> _Problem to work on_
When writing out the listing below, reproduce every word exactly and skip the pictures.

> _Raw data_
-- Opening Marker --

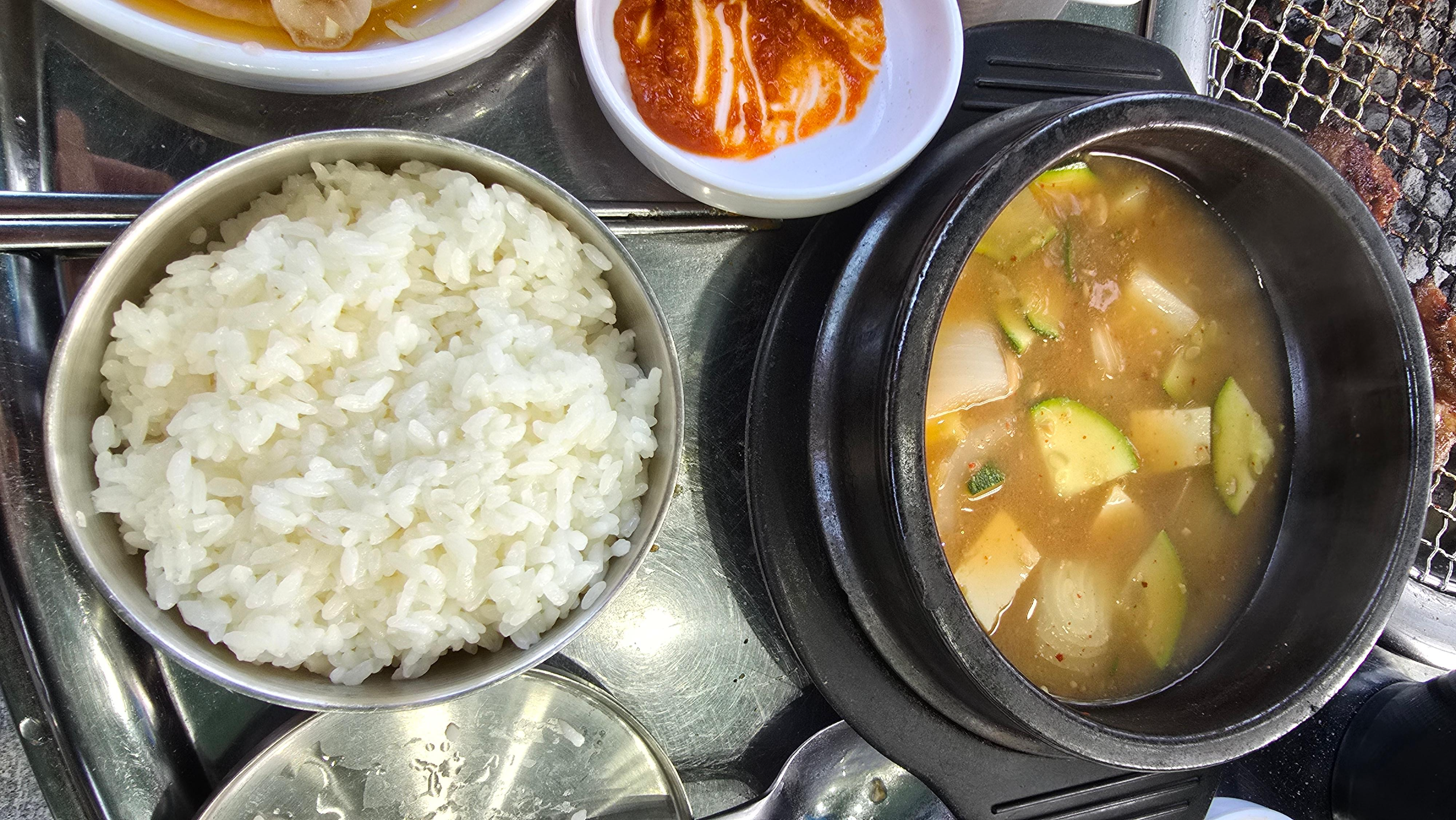 고깃집의 마무리로 냉면은 먹었겠다 된장찌개도 맛이 궁금해져서 주문을 하고 맛을보니 모든것이 완벽할 수는 없는법 된장찌개는 슴슴한 간을 좋아하는 사람들이 매우 좋아할 만한 어쩌면 된장국이라 불러도 될정도의 담백한 맛을 보여주며 야채로 나온 청양고추와 마늘을 썰어넣고 숯불에 올려 조금 졸여서 먹으면 베이스간이 좋기 때문에 최고의 된장찌개로 업그레이드되는 마법을 보여줍니다.
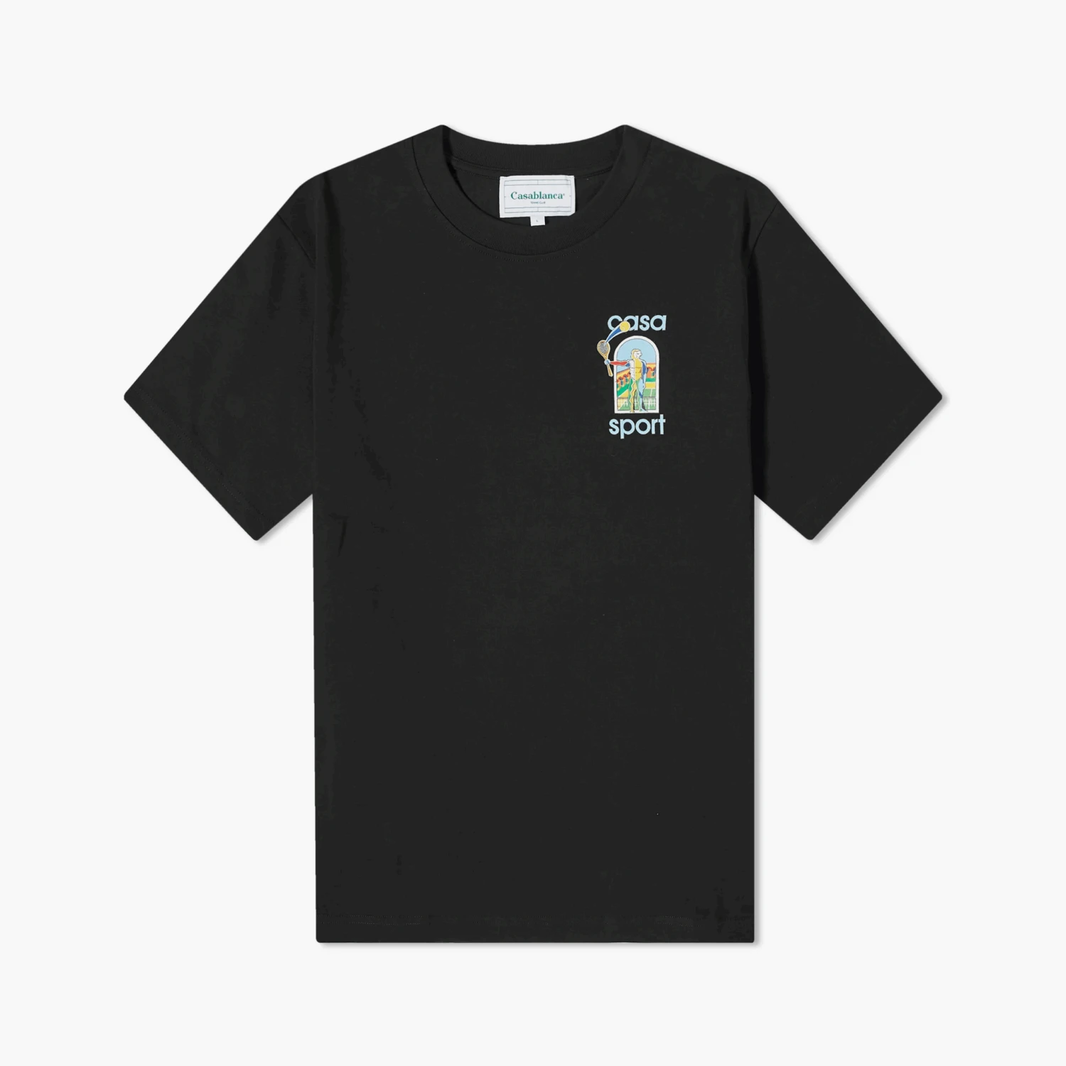 Ce t-shirt Le Jeu de Couleur noir en coton signé Casablanca présente un motif riche sur le côté gauche de la poitrine à l’avant et un design artistique plus élaboré au dos. Alliant fonctionnalité et esthétique, ce t-shirt marie subtilement le sport et l’art.
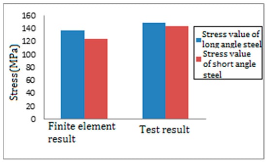According to Table 3, the average stress of long and short angle steel along the weld direction on the joint plate of PDLDPJ can be obtained in the test and finite element. Numbers 1–4 and 23–26 are the stress values on the front and back of the weld, respectively. Take the flat value of the stress on the front and back to obtain the comparison results of the test and finite element, as shown in Figure 18.

-- Closing Marker --

> _Output below_
 고깃집의 마무리로 냉면은 먹었겠다 된장찌개도 맛이 궁금해져서 주문을 하고 맛을보니 모든것이 완벽할 수는 없는법 된장찌개는 슴슴한 간을 좋아하는 사람들이 매우 좋아할 만한 어쩌면 된장국이라 불러도 될정도의 담백한 맛을 보여주며 야채로 나온 청양고추와 마늘을 썰어넣고 숯불에 올려 조금 졸여서 먹으면 베이스간이 좋기 때문에 최고의 된장찌개로 업그레이드되는 마법을 보여줍니다.
 Ce t-shirt Le Jeu de Couleur noir en coton signé Casablanca présente un motif riche sur le côté gauche de la poitrine à l’avant et un design artistique plus élaboré au dos. Alliant fonctionnalité et esthétique, ce t-shirt marie subtilement le sport et l’art.
According to Table 3, the average stress of long and short angle steel along the weld direction on the joint plate of PDLDPJ can be obtained in the test and finite element. Numbers 1–4 and 23–26 are the stress values on the front and back of the weld, respectively. Take the flat value of the stress on the front and back to obtain the comparison results of the test and finite element, as shown in Figure 18.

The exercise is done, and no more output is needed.